Linear regression, or ordinary least squares (OLS), is the simplest and most classic linear method for regression. Linear regression finds the parameters \(\Theta\) that minimize the mean squared error between predictions and the true regression targets, y, on the training set. The mean squared error is the sum of the squared differences between the predictions and the true values. Linear regression has no parameters which is a benefit, but is also has no way to control model complexity.
from sklearn.linear_model import LinearRegression
X, y = mglearn.datasets.make_wave(n_samples=60)
X_train, X_test, y_train, y_test = train_test_split(X, y, random_state=42)
lr = LinearRegression().fit(X_train, y_train)

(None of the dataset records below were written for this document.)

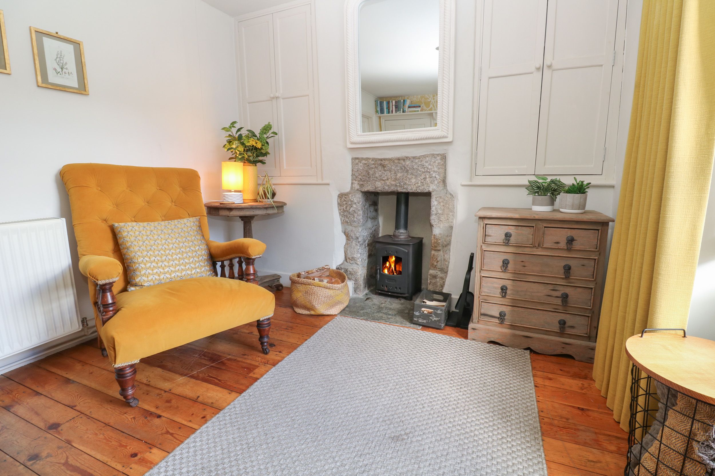 Two bedrooms: 1 x super-king-size, 1 x 4 ft double. Shower room with walk-in shower, basin, heated towel rail, WC. Kitchen/diner. Sitting room with wood-burning stove
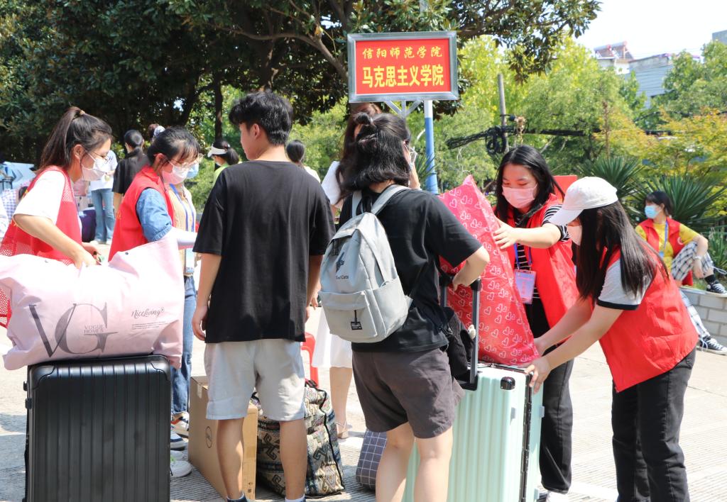 志愿者提前到达迎新点,等待新生的到来。迎新现场,学生会各部门协同联动、责任到人,安排志愿者引导新生完成身份核验与健康核查后进行有序报到,为新生提供了针对性的咨询和服务。志愿者协助新生搬运行李的同时为新生介绍小说狂人概况
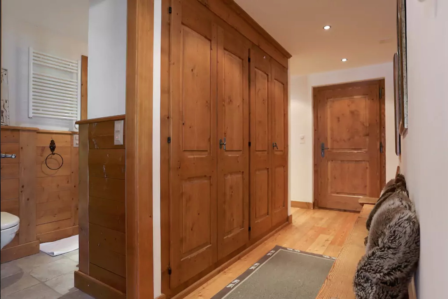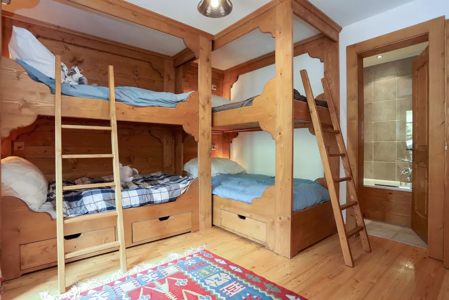 A children’s room with its four wooden bunk beds and its attached bathroom.
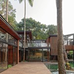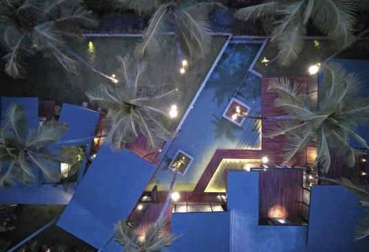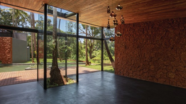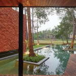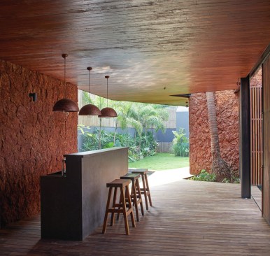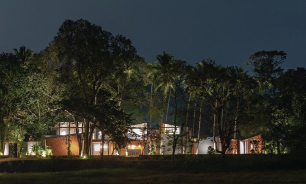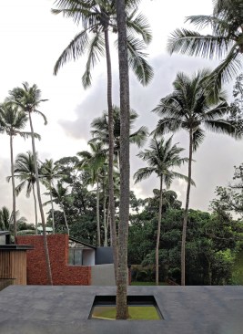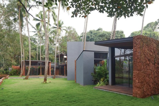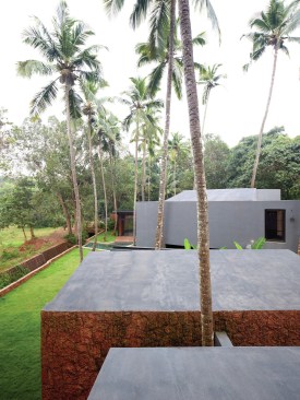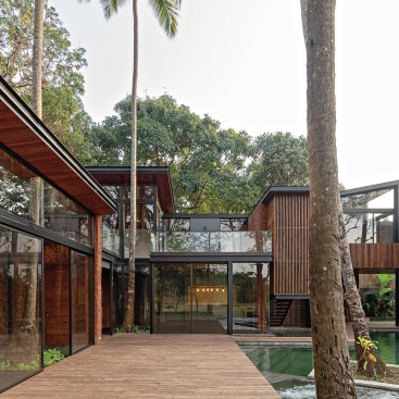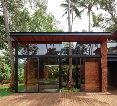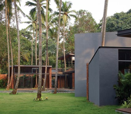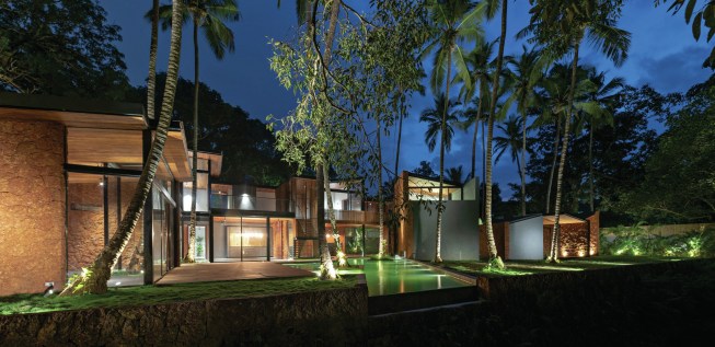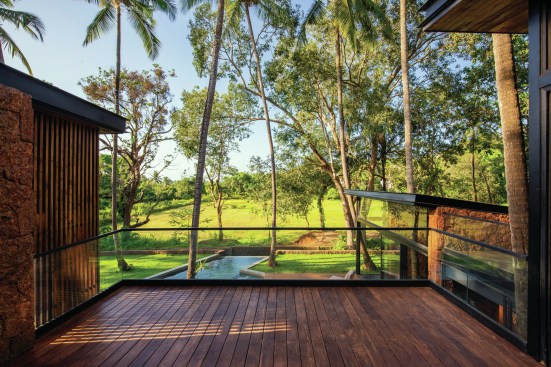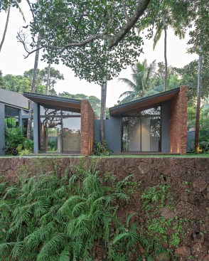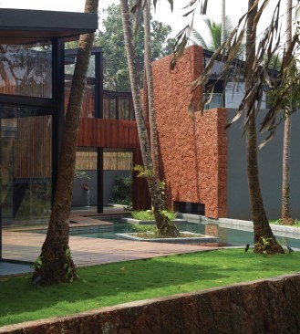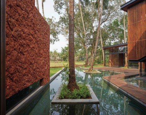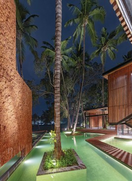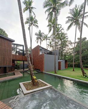Consequently, the structure is fragmented rather than monolithic, reminiscent of an old-time Goan village but at the same time entirely modern. Each bedroom on the ground floor, for example, feels like a separate home, replete with an en-suite bathrooms, a rear garden, a front garden and an internal courtyard flanked by laterite walls. These independent volumes are interconnected with decks, passages and bridges that meander through the trees and over pools and gardens.
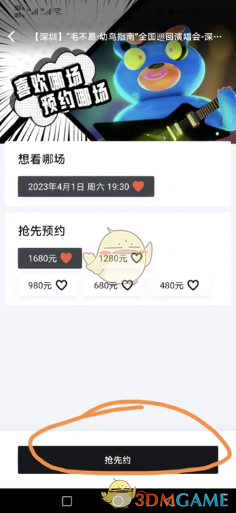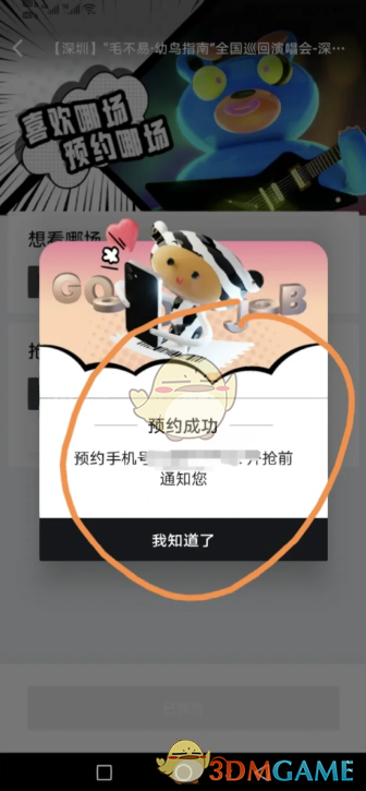 2。然后点击你想去的演唱会场次,预约,预约成功后显示会收到开票通知。
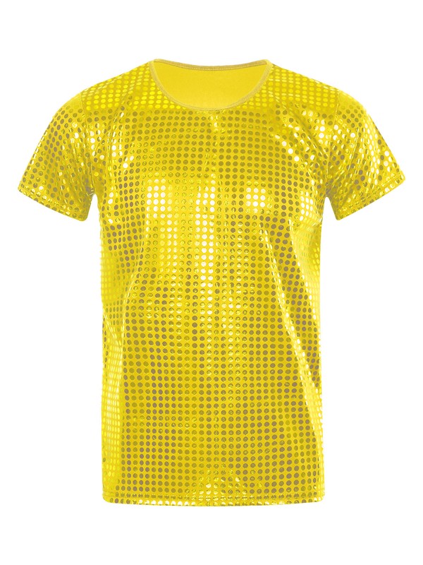 Man stage top is allover with sequin dot, and designed with round neck and short sleeve, which is a must-have top for party.
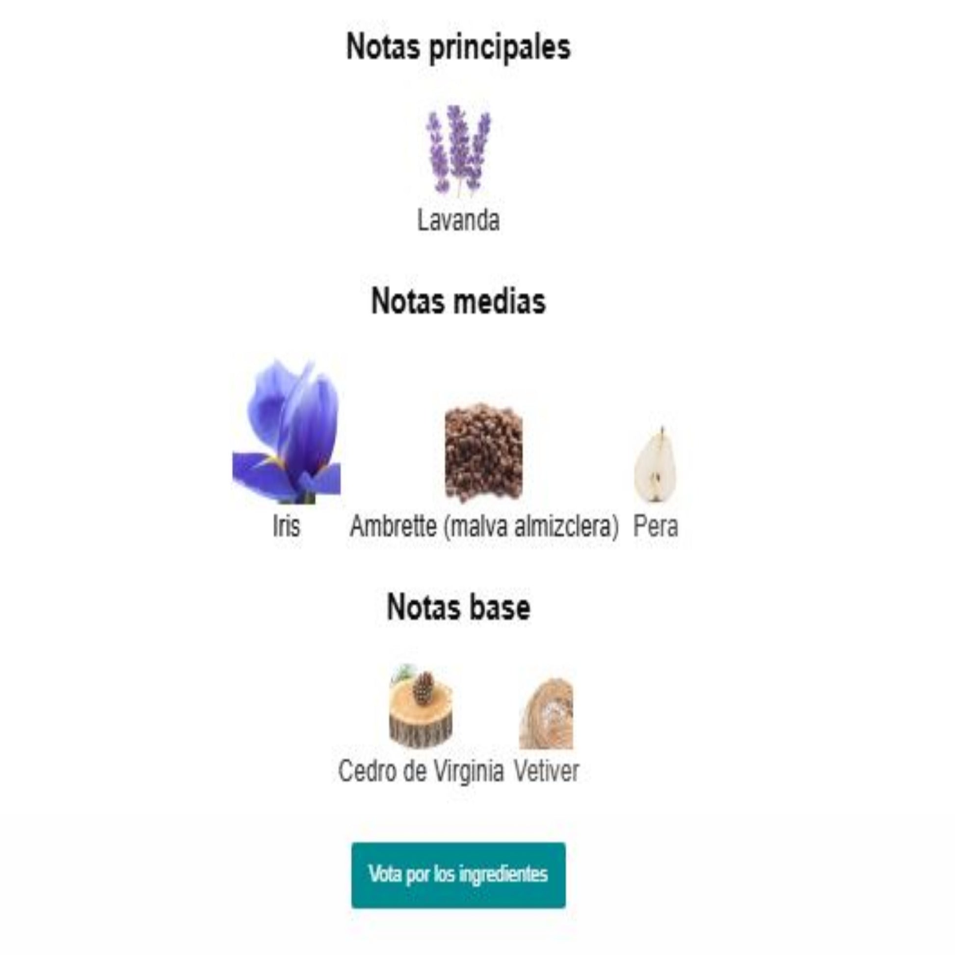 Comienza con lavanda fresca y limpia. A los pocos segundos deja entrever una faceta frutada y suave que prepara el terreno para el iris.
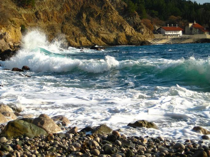 Keywords: sea wave rock ocean water blue beach landscape coast marine
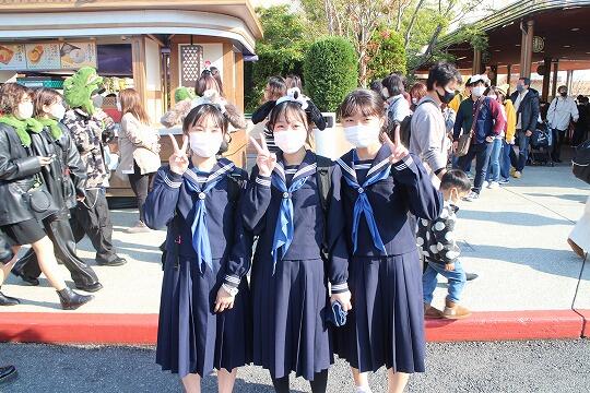 パーク内を一周してきましたが、生徒たちはそれぞれアトラクションに並んでいるらしく、なかなか沼中生に会えません。特に男子はなかなか会えず、会えたとしても写真NGで撮らせてもらえませんでした。
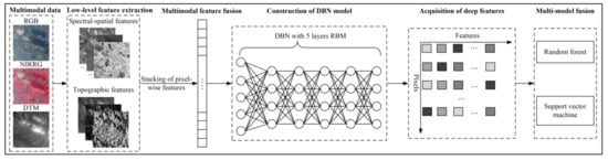 The framework of multimodal and multi-model deep fusion strategy. RGB: ZiYuan-3 true color image with red, green, and blue bands. NIRRG: ZiYuan-3 false color image with near-infrared, red, and green bands. DTM: digital terrain model. DBN: deep belief network. RBM: restricted Boltzmann machine.
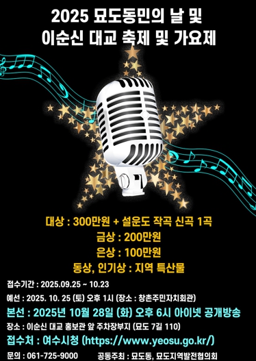 이상로 묘도동장은 “올해 30회를 맞는 묘도동민의 날과 함께 이순신대교 축제, 그리고 새롭게 선보이는 이순신대교 가요제를 통해 주민들이 하나로 어우러지고 더 나아가 전국적인 문화·관광 축제로 성장해 나가기를 기대한다”고 말했다.
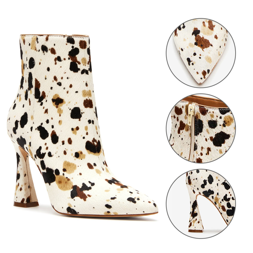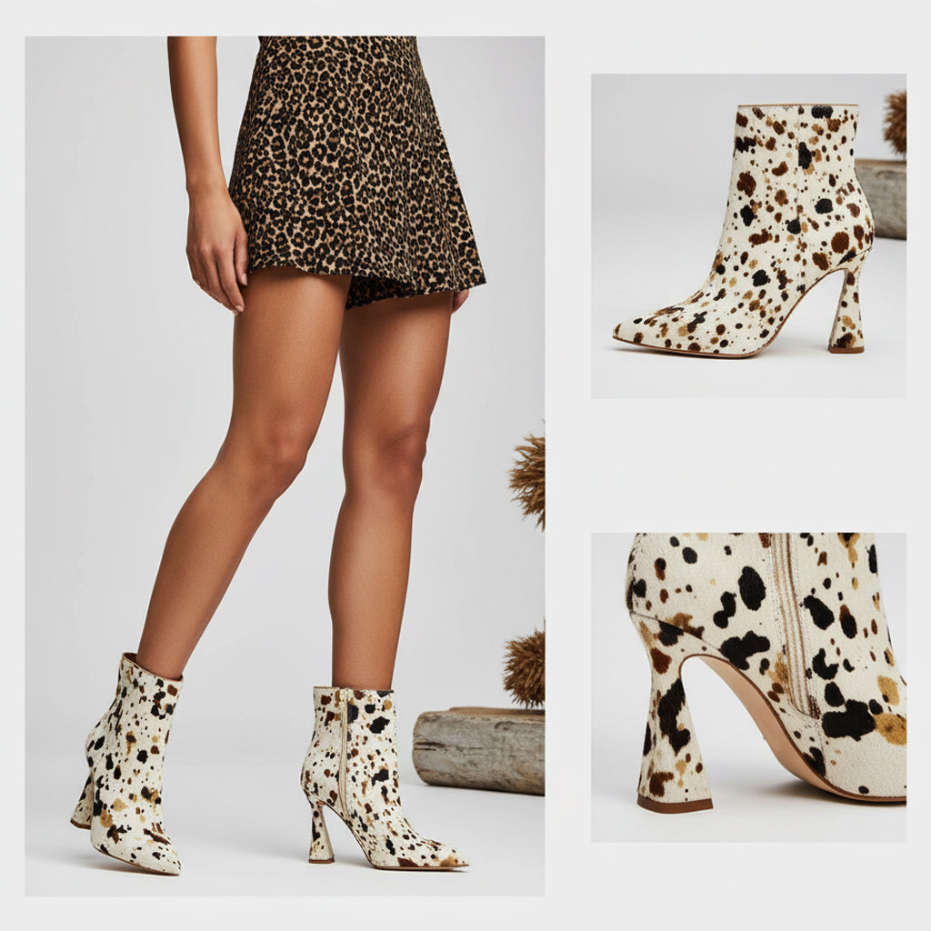 Our Stylish Women's Ankle Boots feature a chic pointed toe design that elevates any outfit, perfect for both casual and work settings. The unique graphic print accents add a touch of fashion-forward flair, making these boots a standout piece in your wardrobe.
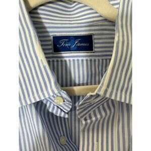 Men's Tom James Blue and White Button Down Long Sleeve Shirt Sz 18-36/37
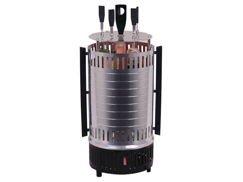 Шашлычница электрическая ENERGY HEBA-1 1000Вт • 5 шампуров • 5 чашек для сбора сока • защитный алюминиевый кожух • автоматическое вращение • нагревательный элемент защищен стеклянной трубкой • легкомоющиеся съемные детали • масса одновременной загрузки - не более 1 кг • время приготовления шашлыка - около 15 мин • мощность - 1000Вт
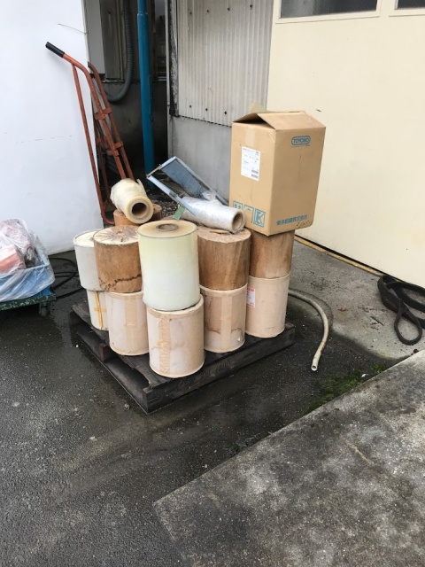 今回のお客様は普段、金属加工をしていて、加工くずなどのスクラップ類の排出がほとんどなのですが、今回の廃棄物はスポット的に排出されたもののようです。近くの知り合いの金属加工工場が高齢のため、工場を閉めるということで、そちらの工場にあった機械をお客様の工場へ移設するという話になったそうで、その機械を入れるスペースを作るために工場内の片付けをしたそうです。不要な機械類の排出が済んだら工場内の奥に廃棄物類も出てきたということでした。その中に今回ご紹介の廃プラスチックも出てきたそうです。フィルムのロールで3個くらいありました。破砕処理場ではロール物は絡まってしまったり、転がって延びてしまったりということもあり、処理困難物に該当することが多いです。お付き合いの処理場でも前処理をした上で破砕するということで、別単価で受けて貰えました。
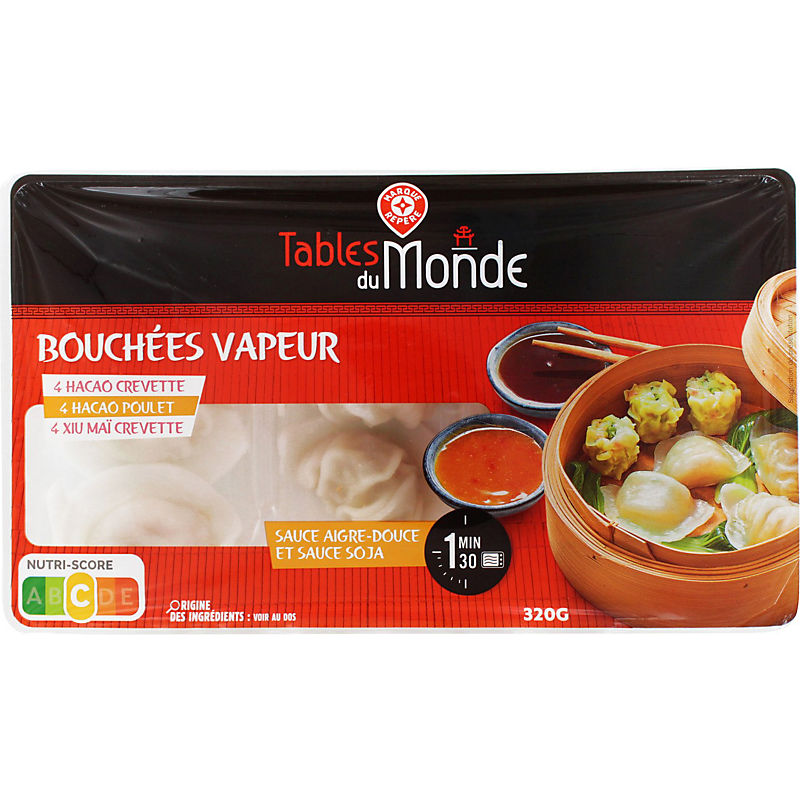 Assortiment de bouchées cuites à la vapeur, garnies d'une farce à la crevette (4 hacao crevette et 4 xiu maï crevette) et d'une farce à la viande de poulet, aromatisée (4 hacao poulet), accompagnées d'une sauce aigre-douce et une sauce au soja. TABLES DU MONDE
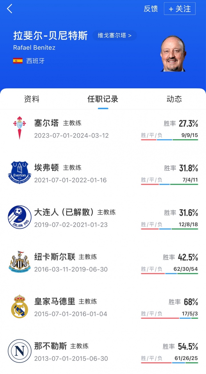 贝尼特斯现年65岁,在客岁3月份离开塞尔塔帅位后休闲于今。贝尼特斯此前曾抓教过利物浦、国米、切尔西、那不勒斯和皇马等朱门,荣誉等身,包括2次西甲冠军、1次欧冠冠军、2次欧联杯冠军和1次世俱杯冠军等。此外贝尼特斯还曾在2019年至2021年担任大连东谈主种植。
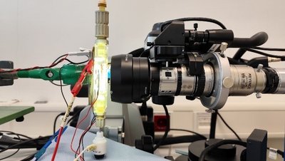 Messaufbau zur in-situ Untersuchung der Eisen-Redox-Flow-Batterie unter einem 3D-Lichtmikroskop. © Marina Becker
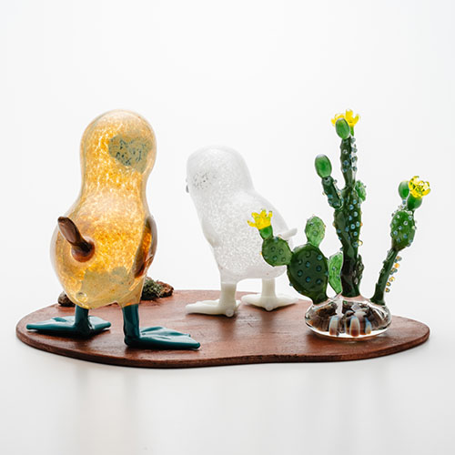 oba:oba 清藤智子 硝子細工(木の土台付き)
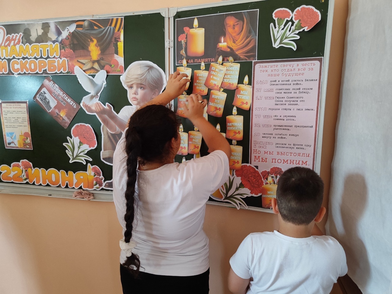 Анна Сергеевна Воронина провела для ребят акцию ко "Дню Памяти и Скорби", на которой они смастерили свечи.
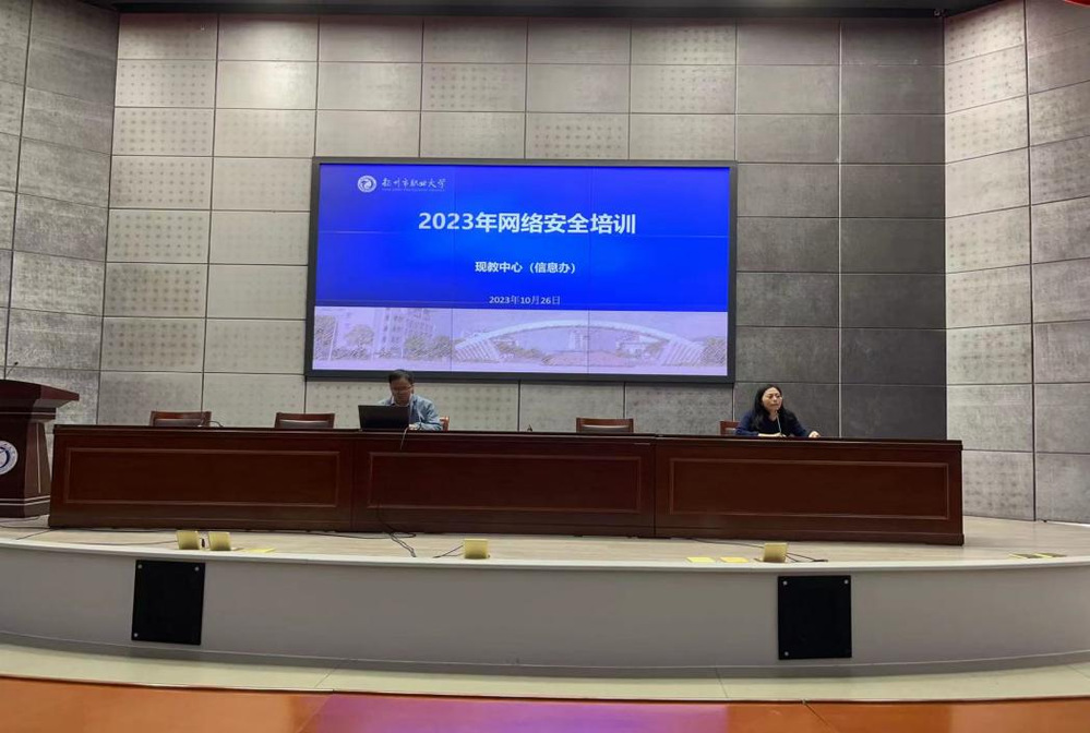 为进一步提升网络信息安全意识与防范能力,增强网络安全、数据保护观念,规范我校数据处理活动、保障数据安全,提升网络安全防护技能,近日,现代教育技术中心(信息办)在映月学术报告厅举办2023年网络安全培训会,各部门、学院的信息安全秘书参加培训,信息化办公室桑静老师主持会议。

The values of \(\Theta_i , i=1, ..., N\), also called weights or coefficients, are stored in the coef_ atribbute, while the offset or intercept (\(\Theta_0\)) is stored in the *intercept_ attribute:
In:
print("lr.coef_: {}".format(lr.coef_))
print("lr.intercept_: {}".format(lr.intercept_))
Out:
lr.coef_: [ 0.394]
lr.intercept_: -0.031804343026759746
Let’s look at the training set and test set performance:
In:
print("Training set score: {:.2f}".format(lr.score(X_train, y_train)))
print("Test set score: {:.2f}".format(lr.score(X_test, y_test)))
Out:
Training set score: 0.67
Test set score: 0.66
An \(R^2\) of around 0.66 is not very good, but we can see that the scores on the training and test sets are very close together. This means we are likely underfitting, not overfitting. For this one-dimensional dataset, there is little danger of overfitting, as the model is very simple. However, with higher-dimensional datasets, linear models become more powerful, and there is a higher chance of overfitting.
If there was a huge discrepancy between performance on the training data and the test data is a clear sign of overfitting, and therefore we should try to find a model that allows us to control complexity.